El dúo de Vic, Cueva Mapache, acaba de publicar Espina, un nuevo lanzamiento de dos canciones que marca su evolución sonora este febrero de 2026. Tras un año de silencio desde su anterior trabajo, Edu y Núria regresan para unir el dream pop con matices electrónicos contemporáneos, consolidando un proyecto que huye de las etiquetas fijas.

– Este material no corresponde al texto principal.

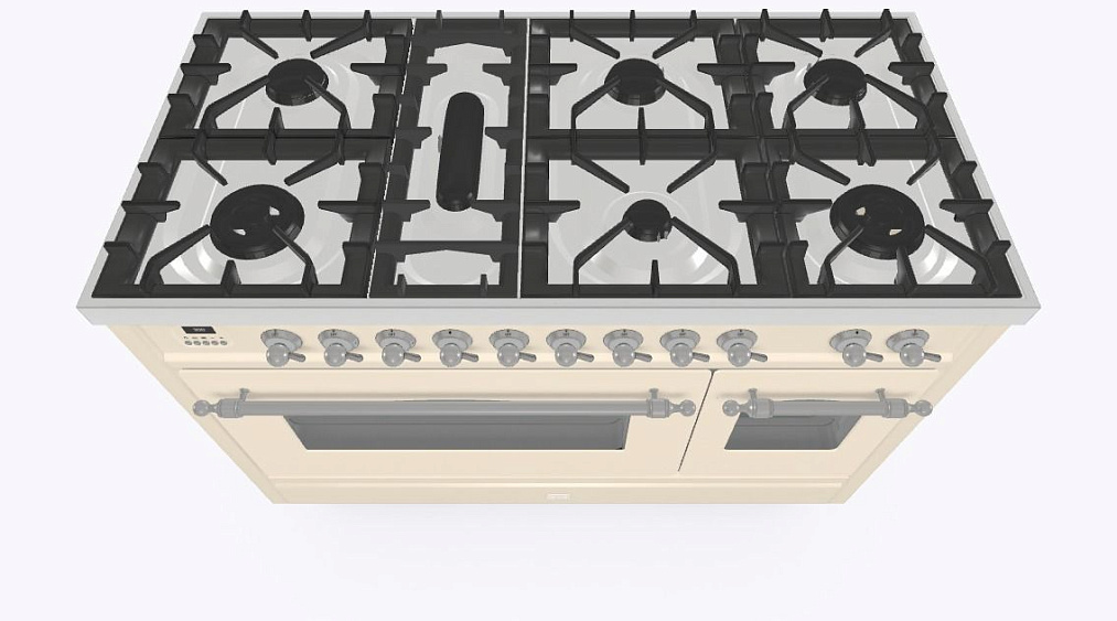 • Тип конфорок: 7 газовых, горелка для рыбной кастрюли, двухконторная конфорка DUAL

En la primera pieza, Hurto, la banda apuesta por un sonido denso. El uso de guitarras atmosféricas convive con un contrabajo percusivo y cajas de ritmos que aportan un peso inusual al género. Es una canción de texturas crudas que se aleja de la delicadeza habitual para buscar algo más físico.

Por otro lado, Misión muestra la faceta más directa del grupo. Aquí se acercan al R&B actual, integrando bases electrónicas con una estructura pop clara y efectiva. Es un ejercicio de síntesis donde la melodía lleva el mando, demostrando que Cueva Mapache sabe moverse entre la experimentación y lo accesible.
Para este proceso, la banda confió en Diego Escriche (La Plata) en la producción y mezcla, buscando ese nervio característico de su trabajo. La masterización de Víctor García en Ultramarinos Costa Brava termina de dar cohesión a estas dos canciones que sirven de antesala para un futuro disco de larga duración.